• [Task]
Pictures excluded, retype the lines from the one containing "先把牛肉和粉丝分开浸泡,等粉丝泡发变软,牛肉浸泡出血水后就可以进行下一步骤了。" through the last line of the data below, both included.

[The data Boundary: Start]

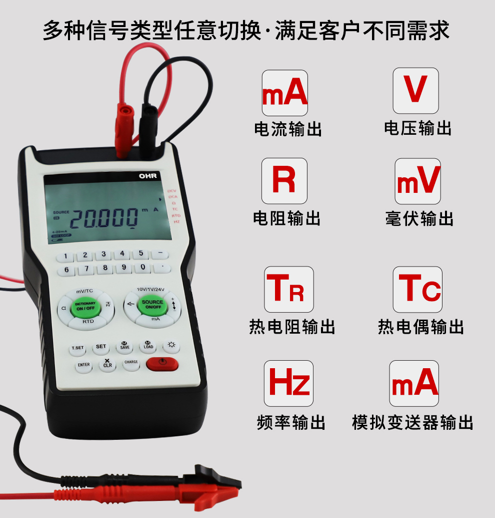 OHR-B00信號(hào)發(fā)生器是一種多功能、高精度的便攜式信號(hào)源,可用于輸出各種規(guī)格的工業(yè)信號(hào),支持電流、電壓、電阻、頻率、熱電偶、熱電阻等多種信號(hào)輸出類型,最高精度可達(dá)0.01%F.S,是工業(yè)現(xiàn)場(chǎng)、實(shí)驗(yàn)室以及各類儀表制造商必備的計(jì)量測(cè)試工具。
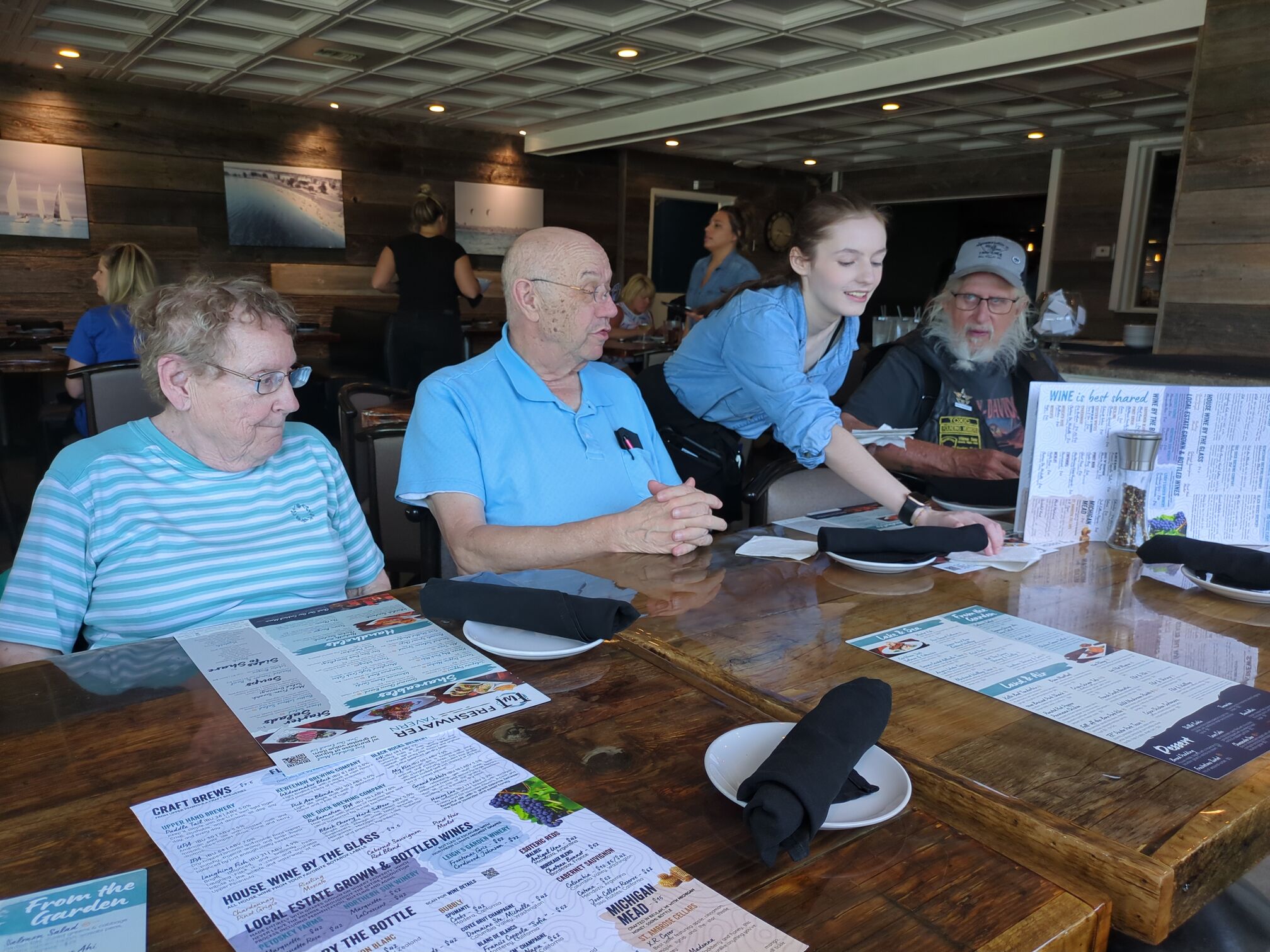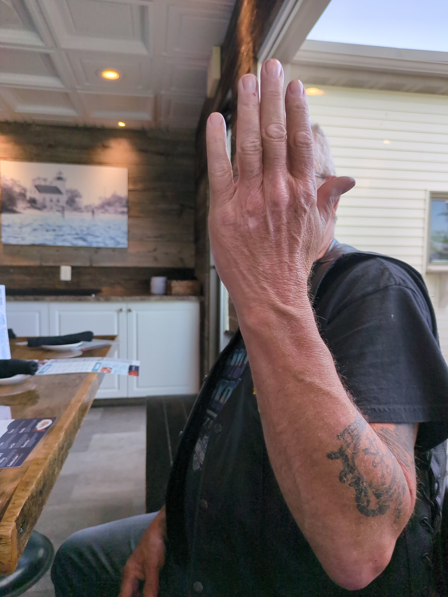 Part of the view at dinnerChuppa, Tinker, talented waitress, ToxicBig O says ’talk to the hand’
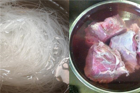 先把牛肉和粉丝分开浸泡,等粉丝泡发变软,牛肉浸泡出血水后就可以进行下一步骤了。
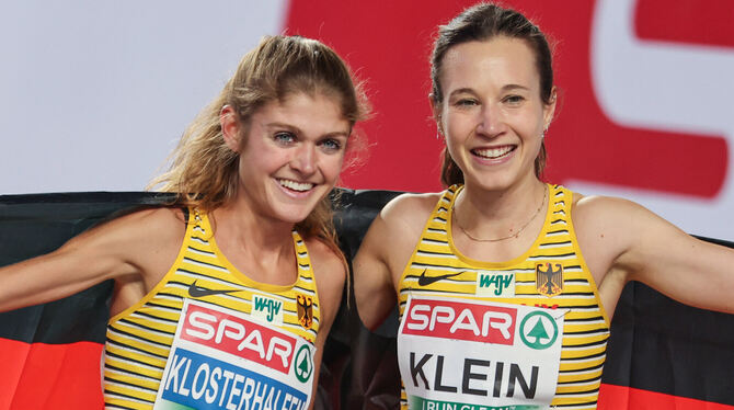 ISTANBUL. 100 Meter vor dem Ziel hatte Hanna Klein genug vom Hinterherlaufen. Die Leichtathletin aus Tübingen zog an Konstanze Klosterhalfen vorbei, verteidigte ihren Vorsprung bis ins Ziel und darf sich nun durchaus überraschend Hallen-Europameisterin über 3.000 Meter nennen. »Ich bin überwältigt. Ich freue mich, dass wir als Team so gut performt haben. Gold und Silber – mehr kann man nicht haben«, sagte die für die LAV Stadtwerke Tübingen startende Klein. Ihre Taktik sei voll aufgegangen. Als Zweite der Meldeliste wollte sie ihre »Medaillenchancen verteidigen. Dass es jetzt Gold geworden ist, ist umso geiler«.

[The data Boundary: End]

• [Expected answer]
 先把牛肉和粉丝分开浸泡,等粉丝泡发变软,牛肉浸泡出血水后就可以进行下一步骤了。
 ISTANBUL. 100 Meter vor dem Ziel hatte Hanna Klein genug vom Hinterherlaufen. Die Leichtathletin aus Tübingen zog an Konstanze Klosterhalfen vorbei, verteidigte ihren Vorsprung bis ins Ziel und darf sich nun durchaus überraschend Hallen-Europameisterin über 3.000 Meter nennen. »Ich bin überwältigt. Ich freue mich, dass wir als Team so gut performt haben. Gold und Silber – mehr kann man nicht haben«, sagte die für die LAV Stadtwerke Tübingen startende Klein. Ihre Taktik sei voll aufgegangen. Als Zweite der Meldeliste wollte sie ihre »Medaillenchancen verteidigen. Dass es jetzt Gold geworden ist, ist umso geiler«.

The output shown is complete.